§ **Exercise brief**: Would you copy exactly the lines in the data below from the one that has "- The metal" through the one that has "set dvou vozů", dropping any pictures?

§ **Source records**:
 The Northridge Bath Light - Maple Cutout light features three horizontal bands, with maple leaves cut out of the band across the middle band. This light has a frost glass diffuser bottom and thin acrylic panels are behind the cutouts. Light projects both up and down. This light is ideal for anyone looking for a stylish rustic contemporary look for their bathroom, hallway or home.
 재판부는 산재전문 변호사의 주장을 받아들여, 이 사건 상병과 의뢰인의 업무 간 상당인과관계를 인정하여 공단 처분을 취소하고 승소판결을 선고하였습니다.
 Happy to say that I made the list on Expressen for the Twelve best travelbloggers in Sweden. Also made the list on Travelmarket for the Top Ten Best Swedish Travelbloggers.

* * *

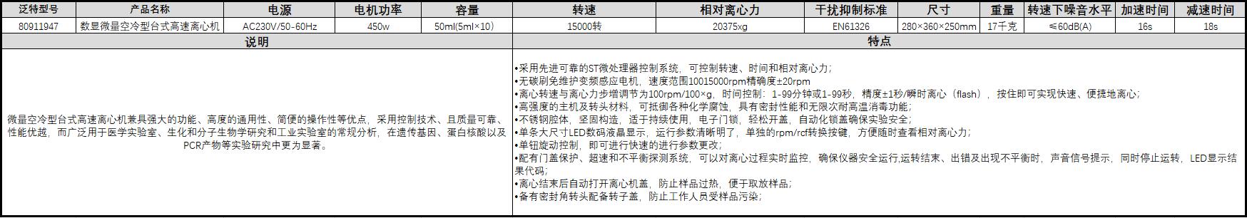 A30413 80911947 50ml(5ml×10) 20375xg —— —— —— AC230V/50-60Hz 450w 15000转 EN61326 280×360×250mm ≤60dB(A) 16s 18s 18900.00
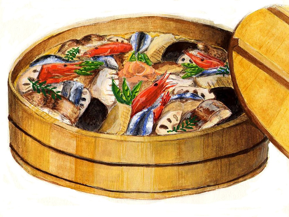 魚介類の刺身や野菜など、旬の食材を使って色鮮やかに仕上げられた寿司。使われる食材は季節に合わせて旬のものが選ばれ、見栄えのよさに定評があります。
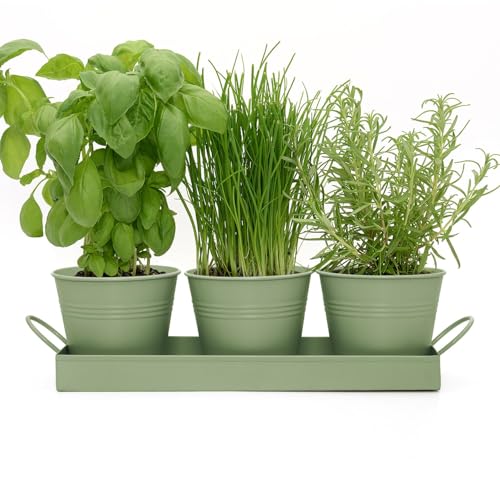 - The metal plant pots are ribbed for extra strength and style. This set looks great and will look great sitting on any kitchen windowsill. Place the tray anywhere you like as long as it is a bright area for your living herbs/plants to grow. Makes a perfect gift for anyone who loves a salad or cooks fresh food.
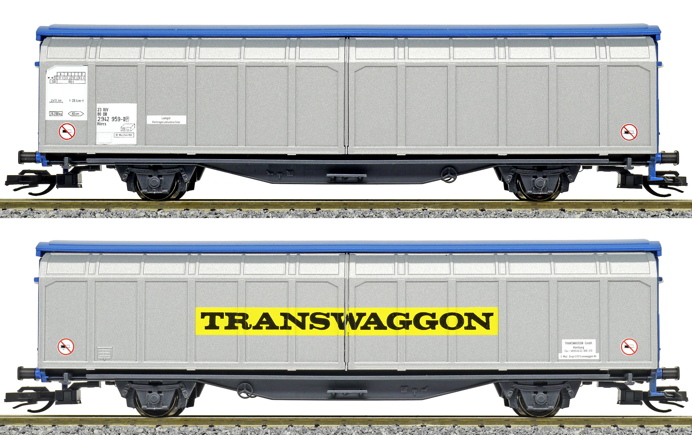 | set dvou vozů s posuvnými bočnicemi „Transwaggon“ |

§ **Reply to the task**:
 - The metal plant pots are ribbed for extra strength and style. This set looks great and will look great sitting on any kitchen windowsill. Place the tray anywhere you like as long as it is a bright area for your living herbs/plants to grow. Makes a perfect gift for anyone who loves a salad or cooks fresh food.
 | set dvou vozů s posuvnými bočnicemi „Transwaggon“ |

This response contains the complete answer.